Mezrich's results were encouraging enough for Exxon to consider his technique of combining sound and animation as a way of analyzing seismic data collected in the search for oil. Making sense of the maze of recorded measurements from underground explosions that shake the earth and send sound waves over long distances is a major task consuming vast quantities of computer time. Converting the data to music may uncover the subtle hints that add up to a significant oil reservoir deep underground.
Whether it's looking for economic trends, categorizing chemical compounds, diagnosing heart ailments, or studying the quality of synthetic speech, the challenge is to make sense of masses of data -- to find the diamond in a statistical mountain. Human beings have trouble coping with pages of pages of numbers. By turning those numbers into a graph, a picture or musical sounds, analysts find it easier to pick out a useful pattern or trend. The tough problem is finding the right one to use.
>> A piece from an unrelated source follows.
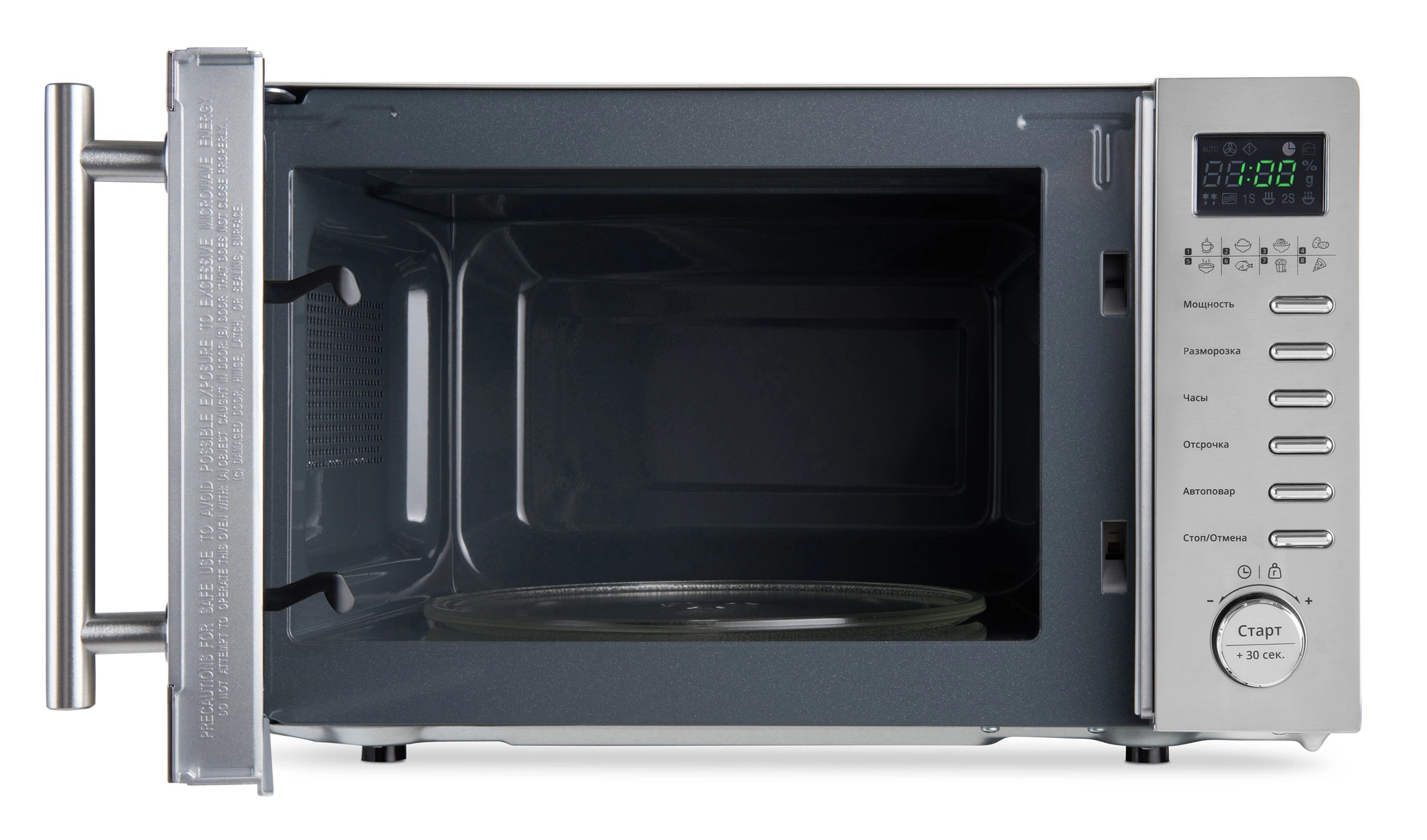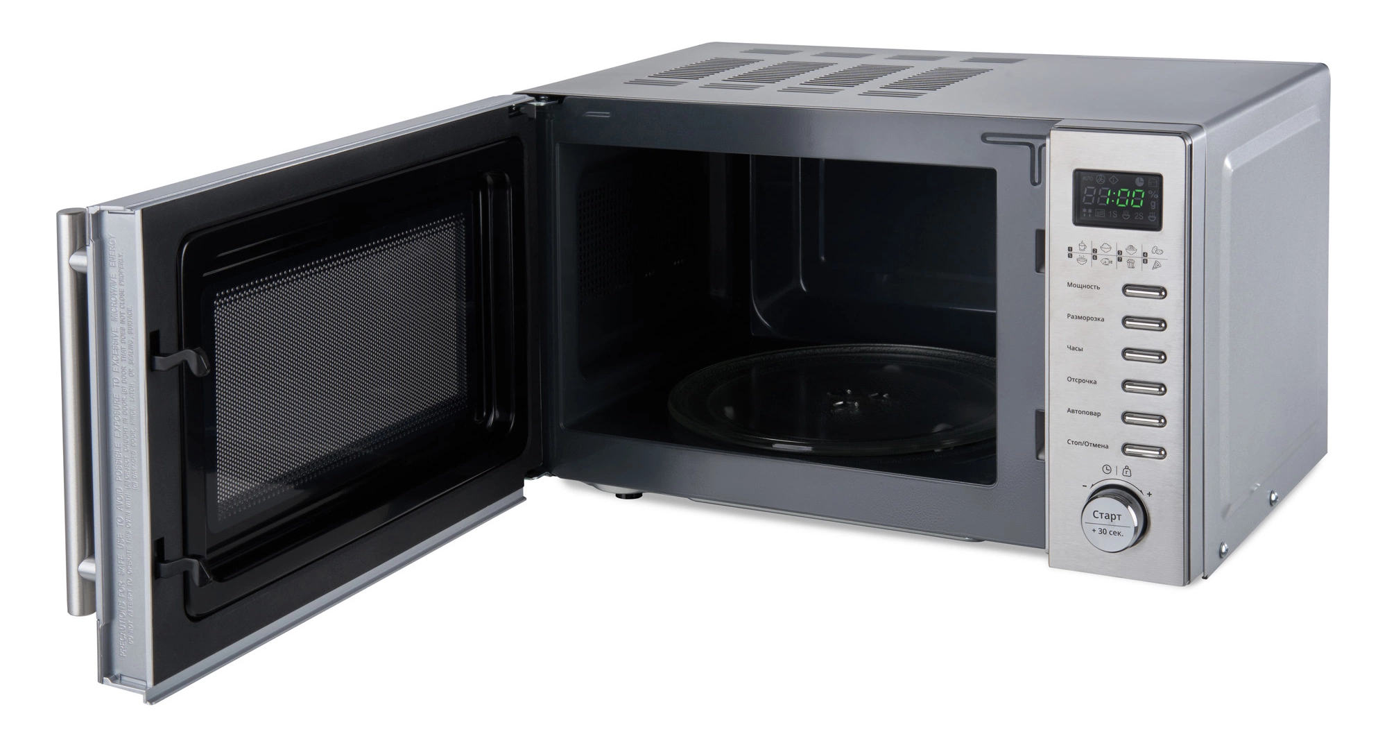 Стильная микроволновая печь DOMFY DSS-MW301 объемом 20 л и мощностью 700 Вт с поворотным столом диаметром 24,5 см цвета металлик понравится тем, кто часто использует СВЧ не только для подогрева и разморозки продуктов, но и для приготовления блюд. Модель являет собой удачный симбиоз широких возможностей для настройки необходимых параметров простоты и удобства эксплуатации. Отдельные функциональные клавиши и информативный дисплей позволяют быстро подобрать оптимальный режим для конкретной задачи.

Researchers sitting at their computer work stations will eventually be able to call on a broad range of data-analysis tools to guide their work. With a few keystrokes, analysts will be able to transform numbers into shapes dancing across a screen to the tune of a computer-synthesized ballad. Searching for insight, they will be able to shift easily from one representation to another, altering colors, adding or subtracting sounds, trying various shapes.
But the story could end with an ironic twist: The availability of so many different ways of representing data might itself contribute to the data-overload problem.